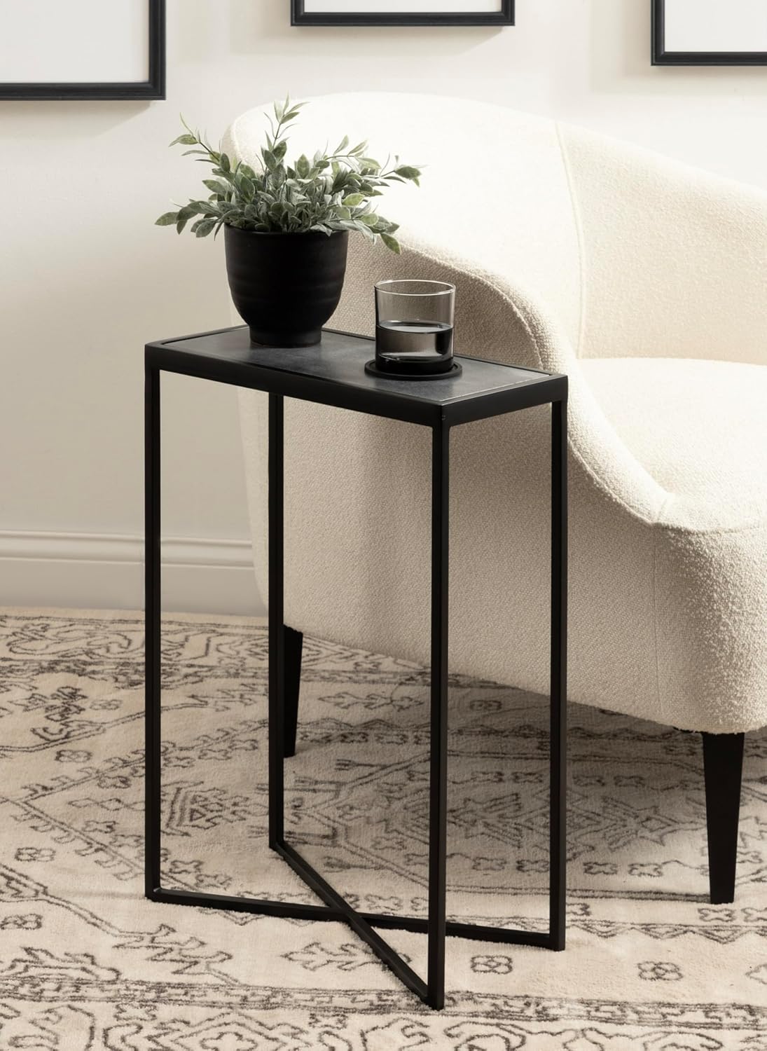 - Multifunctional End Table: Use this slim side table as a decorative display for small accents or as a storage surface for household necessities
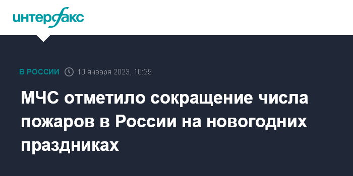 Москва. 10 января. INTERFAX.RU - С 1 по 8 января 2023 года в России случилось почти на 10% меньше пожаров, чем в те же дни 2022 года, сообщили в МЧС России.
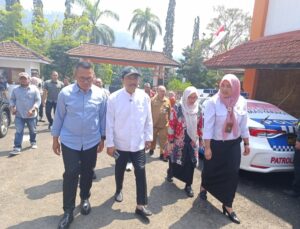 Batu | Serulingmedia.com – Menteri Sosial Syaifullah Yusuf (Gus Iful) tampak trenyuh saat mendengar lantunan lagu Terima Kasih Guru yang dibawakan si kembar Love Sebening Wahid dan Love Sibening Isnaini.
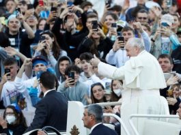 Pope Francis meets with participants in the upcoming Christmas Contest, a Christmas concert in which young people compete with original Christmas music, and tells...
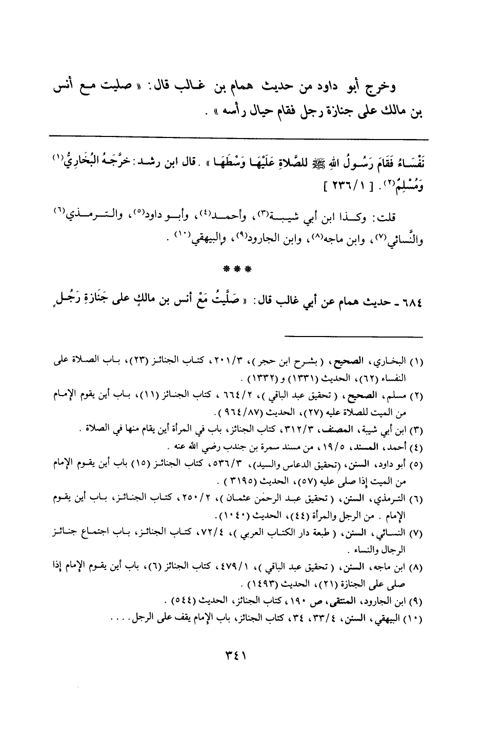 نَفْسَاءُ فَقَامَ رَسُولُ اللهِ - صلى الله عليه وسلم - للصَّلاةِ عَلَيْهَا وَسْطَهَا". قال ابن رشد: خرَّجَهُ البُخَارِيُّ وَمُسْلِمٌ.
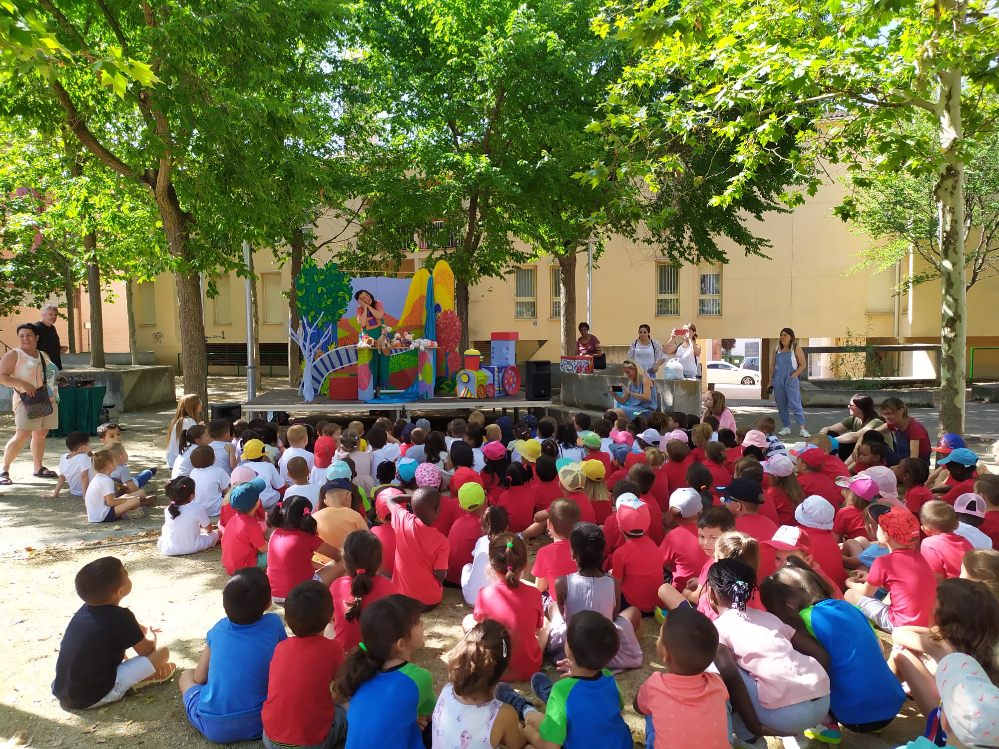 L'alumnat de P2 a P4 s'han concentrat a la plaça de la Segarra, un indret ombradiu, on han gaudit d'un espectacle adaptat a la seva franja d'edat , amb la proposta Tu-tuut! de la companyia Fes-t'ho com vulguis, que els ha portat un tren amb vagons plens de contes, al que han pujat i han gaudit d'històries tendres i divertides.

[Work order]:
The lines to write out are those from the first line of the listing above through the line bearing "Batu | Serulingmedia.com", both included, copied exactly with pictures dropped.

[Exercise answer]:
 - Multifunctional End Table: Use this slim side table as a decorative display for small accents or as a storage surface for household necessities
 Москва. 10 января. INTERFAX.RU - С 1 по 8 января 2023 года в России случилось почти на 10% меньше пожаров, чем в те же дни 2022 года, сообщили в МЧС России.
 Batu | Serulingmedia.com – Menteri Sosial Syaifullah Yusuf (Gus Iful) tampak trenyuh saat mendengar lantunan lagu Terima Kasih Guru yang dibawakan si kembar Love Sebening Wahid dan Love Sibening Isnaini.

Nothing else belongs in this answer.